Angola’s Cabinda Refinery Ships First Fuel After 50 Years Without One

Angola Cabinda refinery first fuel shipment 2026

KEY POINTS


  • Angola’s Cabinda refinery has begun shipping diesel locally and fuel oil internationally this week.
  • The 30,000-bpd facility is Angola’s first new refinery built in 50 years.
  • Gemcorp is targeting a final investment decision on a $700 million expansion by year-end.

The Cabinda refinery, the first built in Angola since the country won independence from Portugal 50 years ago, has begun shipping diesel to the domestic market and naphtha and heavy fuel oil to international buyers. The news lands at a moment when Middle East supply disruptions are squeezing fuel markets globally.

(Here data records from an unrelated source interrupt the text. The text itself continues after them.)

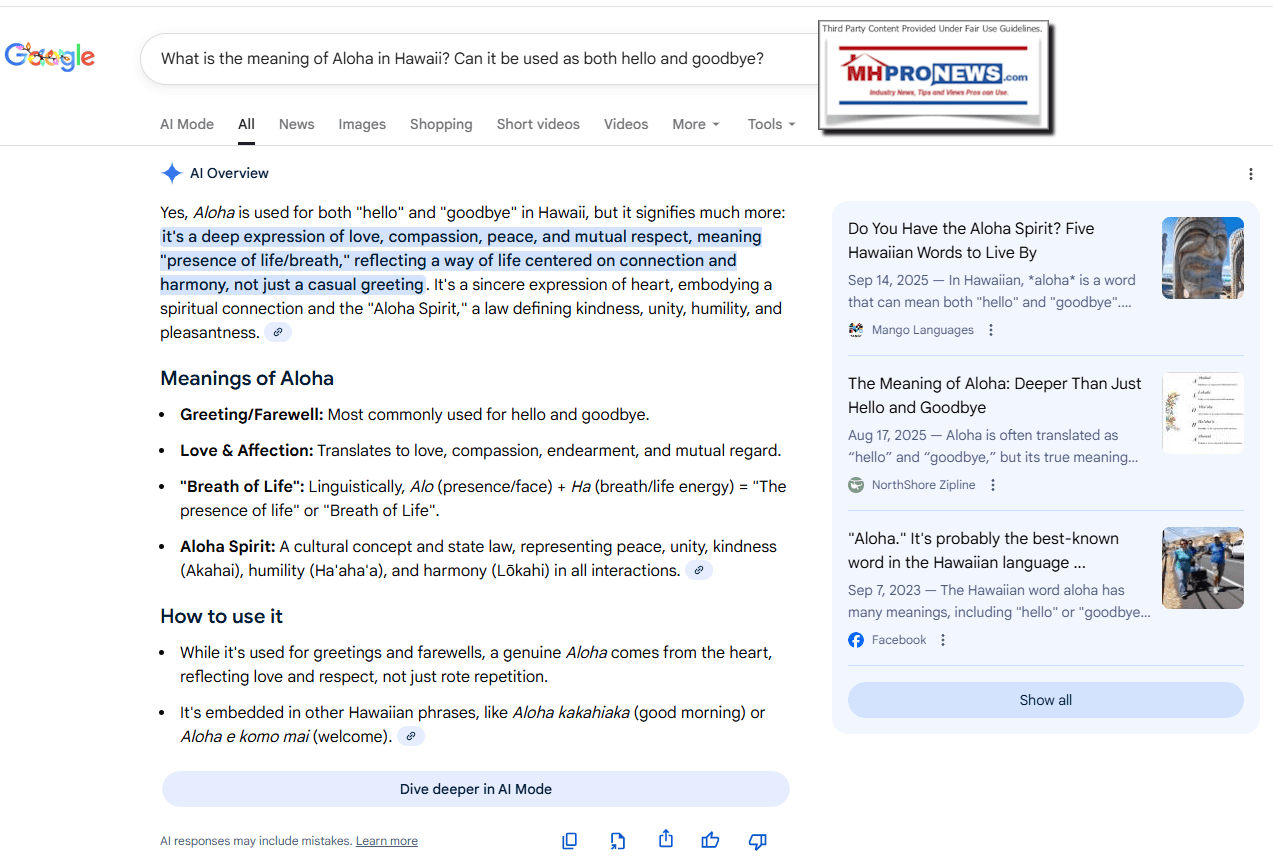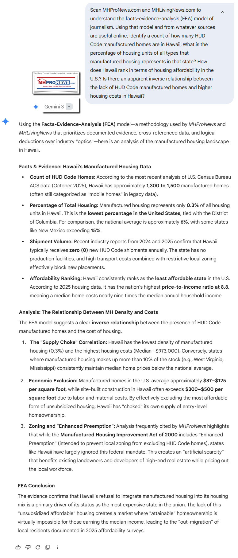 Hawaii is known as the Aloha State. As the headline reflects, Hawaii has multiple lessons for the rest of the U.S. In response to an MHProNews input-inquiry found at the link here and the fuller and richer meaning there: “Yes, Aloha is used for both “hello” and “goodbye” in Hawaii, but it signifies much more: it’s a deep expression of love, compassion, peace, and mutual respect, meaning “presence of life/breath,” reflecting a way of life centered on connection and harmony, not just a casual greeting. It’s a sincere expression of heart, embodying a spiritual connection and the “Aloha Spirit,” a law defining kindness, unity, humility, and pleasantness.” In terms of the domestic housing crisis, here is one of the keen insights for MHVille and the United States more generally is the following. From the input-inquiry by MHProNews found at this link here is the following MHVille facts-evidence-analysis (FEA) model of journalism, left-leaning Google’s artificial intelligence (AI) powered Gemini said the following. The Sunday Weekly MHVille Headlines in Review are found in Part I further below.
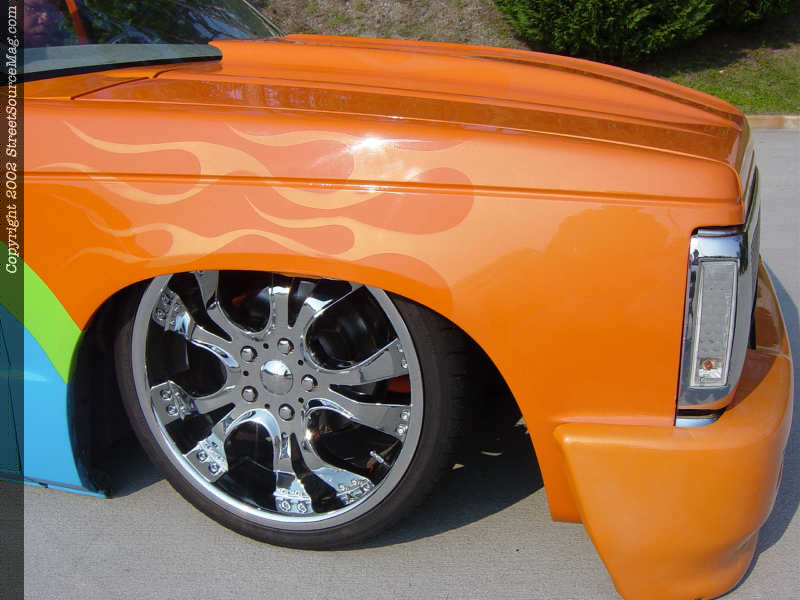 Now that bodywork was finished, which was all done by Mike and Steve Jolly from Faith, NC, it was time to lay down a few colors to make the truck an eye catcher. Steve Jolly takes the credit for laying down the PPG bright orange base with Porsche blue and lime green accents.  The full color scheme carries into the doorjambs for a perfect paint job. After finishing the paint job and putting it all back together, Mark still thought it was missing something.
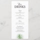 La carte de la nourriture à l'avant et la carte des boissons à l'arrière. Parfait pour la mariage tropicale ou pour ceux qui recherchent une esthétique moderne et minimaliste avec une touche de vert.
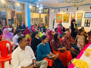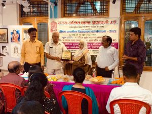 मुख्य अतिथि खानम आर्ट गैलरी की निदेशक डॉ. जाहिदा खानम ने राज्य ललित कला अकादमी के ग्रीष्मकालीन कला कार्यशाला के प्रदर्शनी का किया उद्घाटन
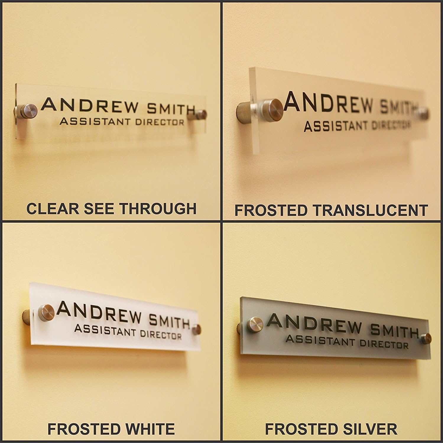 Personalized Office Wall Name Plate Sign. Modern Stainless Steel Legs (Frosted Silver)
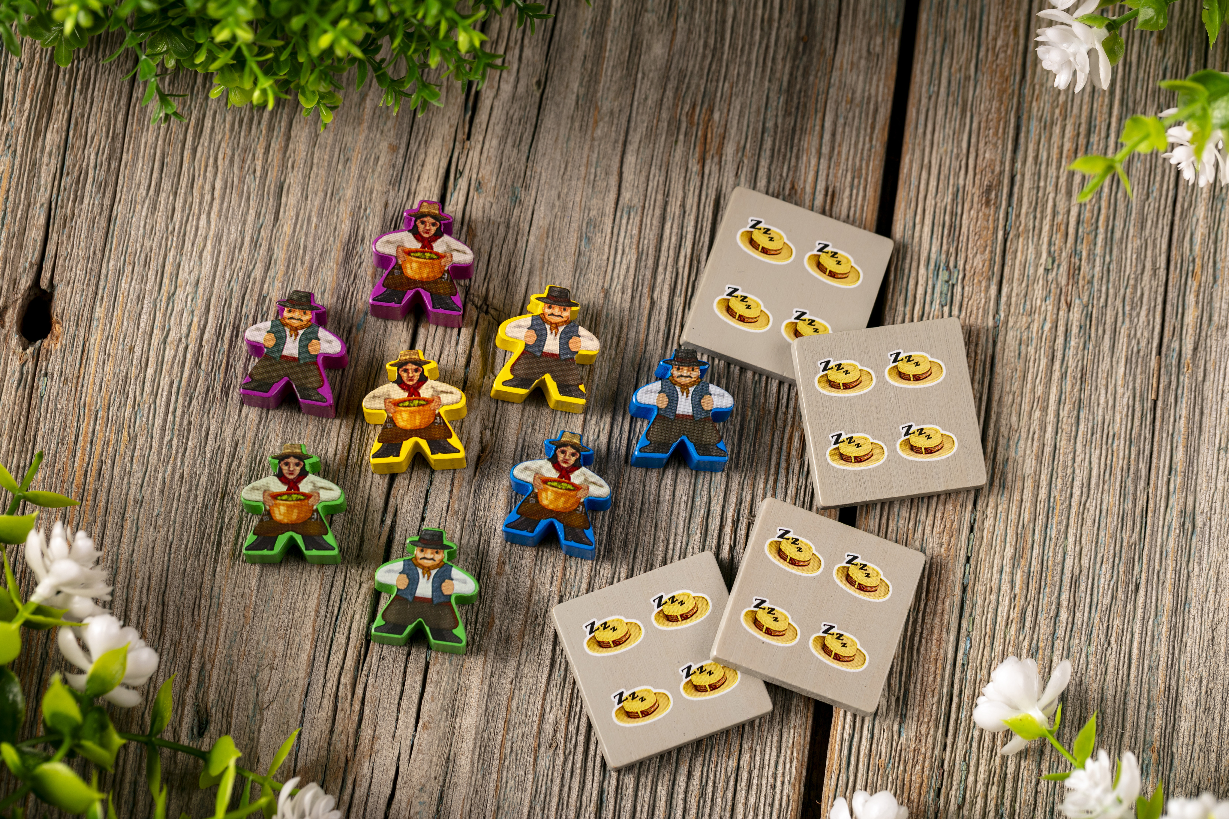 - 6 двусторонних жетонов труда,

Gemcorp Capital, the London-based investment firm that owns 90% of the refinery, confirmed the shipments. Gemcorp founder and CEO Atanas Bostandjiev said the timing has vindicated the original investment logic.

“The very core of the investment thesis for this refinery was energy security for Angola,” Bostandjiev told Bloomberg. “Fast forward this to what we’re seeing geopolitically, with the crisis in the Middle East, that whole thesis now got validated.”

A modest but meaningful start

The Cabinda refinery processes 30,000 barrels per day. At that output, it is capable of meeting roughly one tenth of Angola’s domestic fuel demand. The numbers are modest compared to Africa’s largest refinery, the 650,000-barrel-per-day Dangote facility in Nigeria, but the strategic value is real.

Angola has long exported crude oil while importing refined fuels, a pattern that has cost the continent billions in value over decades. Cabinda is one of two new facilities, alongside Dangote in Nigeria, now beginning to chip away at that dynamic.

Angola’s only other refinery sits in the capital Luanda and is operated by state-owned oil firm Sonangol. Cabinda gives the country a second processing point for the first time in half a century.

The expansion decision and what comes next

The Cabinda refinery cost $470 million to build. Gemcorp is now eyeing a second phase that would double capacity to 60,000 barrels per day at an estimated cost of $700 million. Bostandjiev said the firm is targeting a final investment decision on the expansion before the end of 2026.

Africa’s refining gap has been a long-standing structural problem. Angola and Nigeria are now moving in the same direction at the same time, building domestic processing capacity that keeps more value inside the continent rather than shipping it out as unrefined crude.